Types of marketing attribution models — source:impact.com

How do we decide which model to pick ? How do we decide if the complexity of evaluating and implementing attribution models is worth the effort ?

As a business, you allocate your budget across channels to maximise certain goals (eg. sales, conversions, customer acquisition, account creation) with certain guardrails (CostOfSales, CostPerConversion, CustomerAcquisitionCost etc)

There are some organisational and political considerations that drive many decisions. For example, marketing team wants to maximise their budget and spend it completely. Teams that own individual channels also want to maximise their budget and spend it completely. These are very important to consider when we have to navigate big organisations. Let’s imagine a theoretical business (an e-commerce site) where all decisions are data driven and the entrepreneur has visibility to most marketing-mix decisions.

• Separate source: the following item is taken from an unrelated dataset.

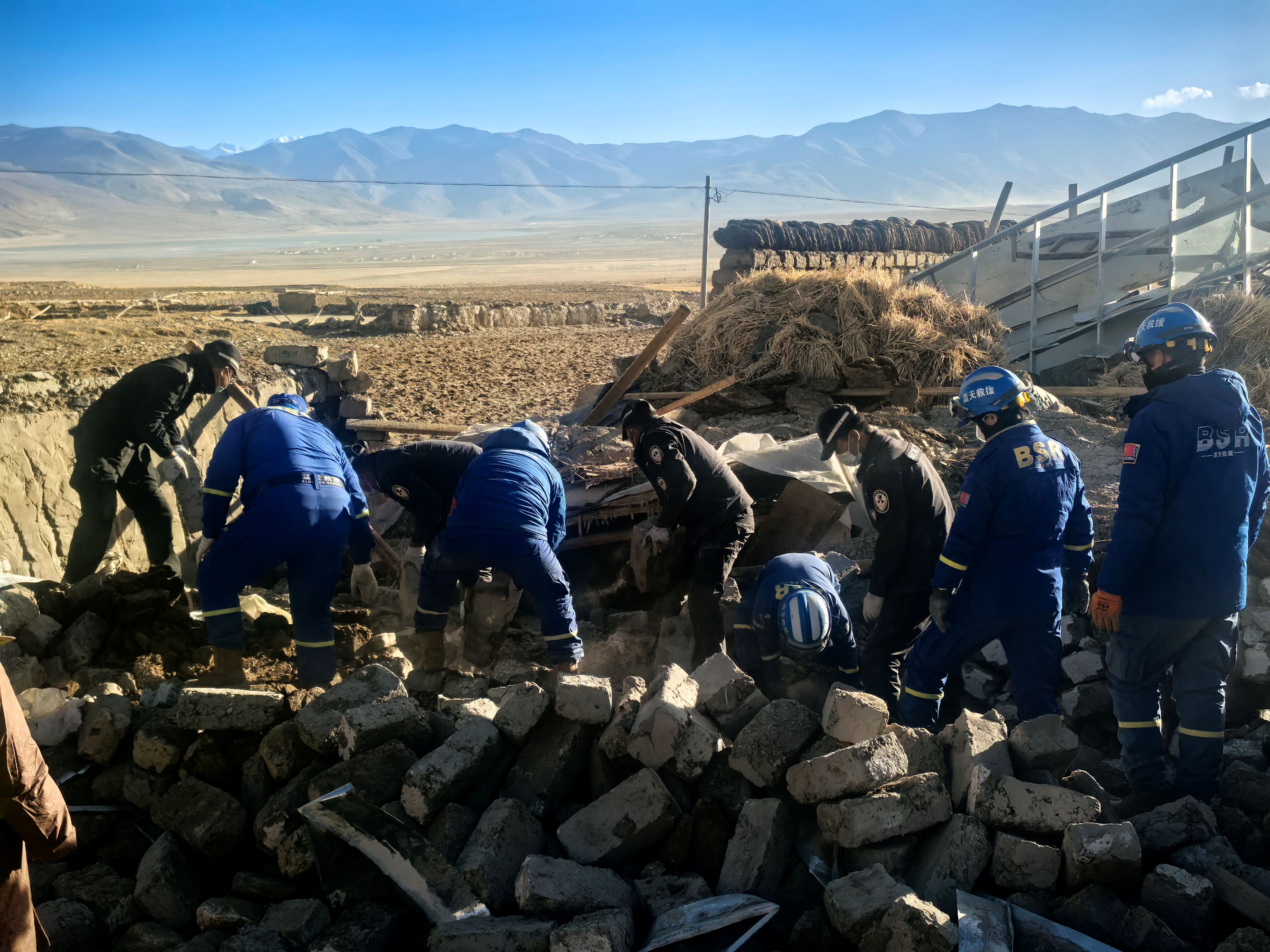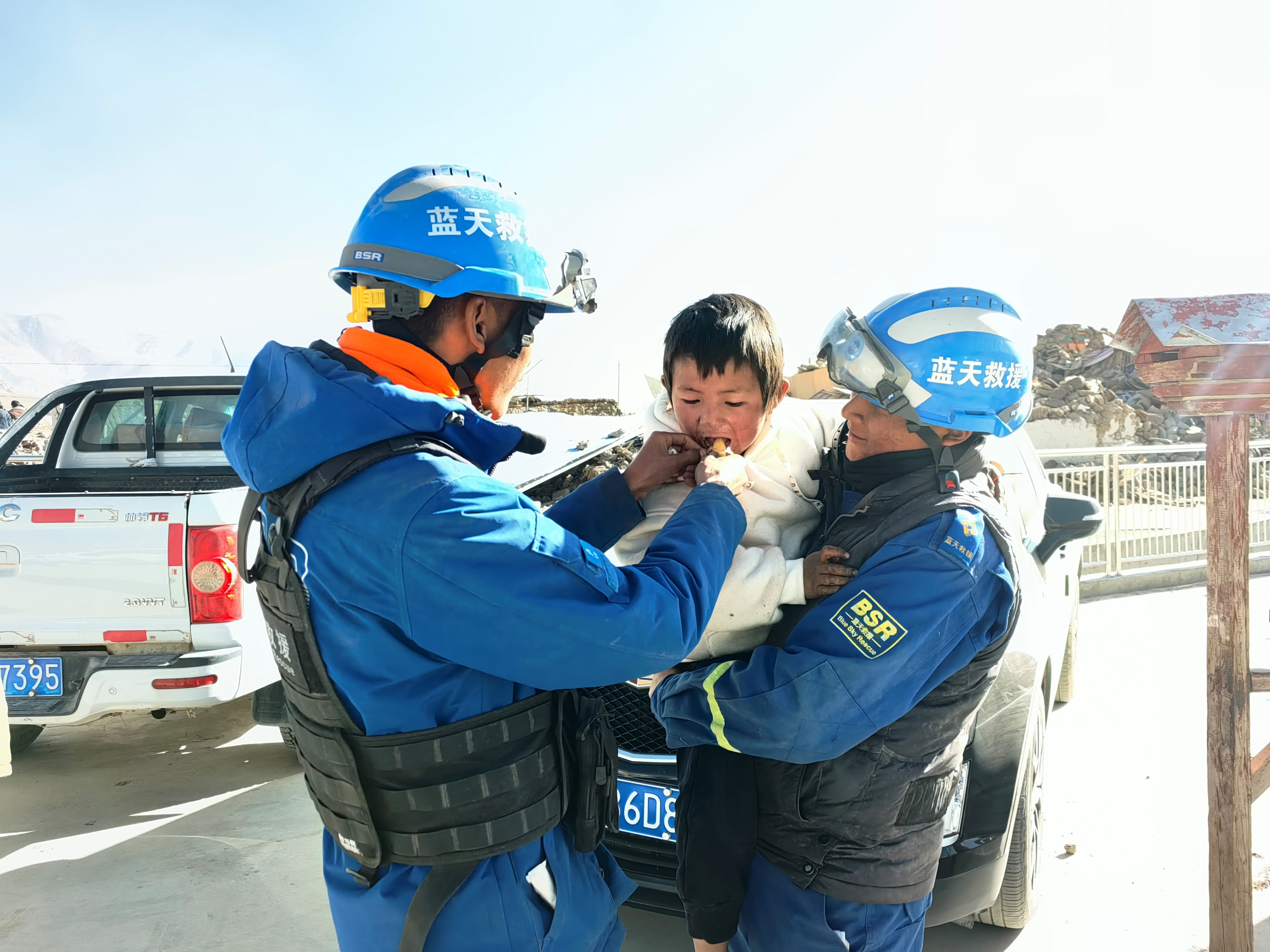西藏藍天救援隊首批18名隊員,已經在災區開展工作超過2天。9日凌晨,第二批17名隊員及隨行的11輛裝滿救援、安置物資的車輛,抵達定日縣長所鄉,立即投入工作。

Step1 : Allocating marketing budget, aligning on goals

This step depends a lot on the strategy that the company wants to pursue based on the stage of its business, ability to raise funds and state of the economy. It could be

  • Grab marketshare. Maximise revenue at all costs

OR

  • Maximise revenue keeping profitability into consideration.

Let’s assume that it is the latter considering the sentiments prevailing in current market conditions.

If you have an estimated curve on spend and gross profit, you can pick a budget that maximises (gross profit — marketing spend).

Here a valid question is — do you estimate overall Gross profit or the one that is attributed to paid marketing channels ?

  • Ideally the business has to maximise overall gross profit hence estimating that value is better

Another valid question is — How do you estimate the curve ?

  • Based on past performance data of various channels
  • By doing small experimental campaigns on various channels

You don’t need the entire curve to set a budget, but few points in the relevant areas would be sufficient.

If this sounds too complicated, the team can fall back to the popular method of allocating a percentage of sales revenue to marketing.

Step 2: Maximising gross profit for a budget / Increasing the efficiency of the curve

Now the next step is to maximise gross profit for a given marketing budget, by optimising allocation across channels.

It is important to note here that, each channel will have its own performance curve and saturation point. In addition, the channels also will have interactions with each other.

A common rule of thumb is to allocate (incremental) budget to channels that has maximum (incremental) ROI = (inc)Gross Profit /(inc)Spend. Similar to gradient descent method of optimisation. (except that this is an ascent)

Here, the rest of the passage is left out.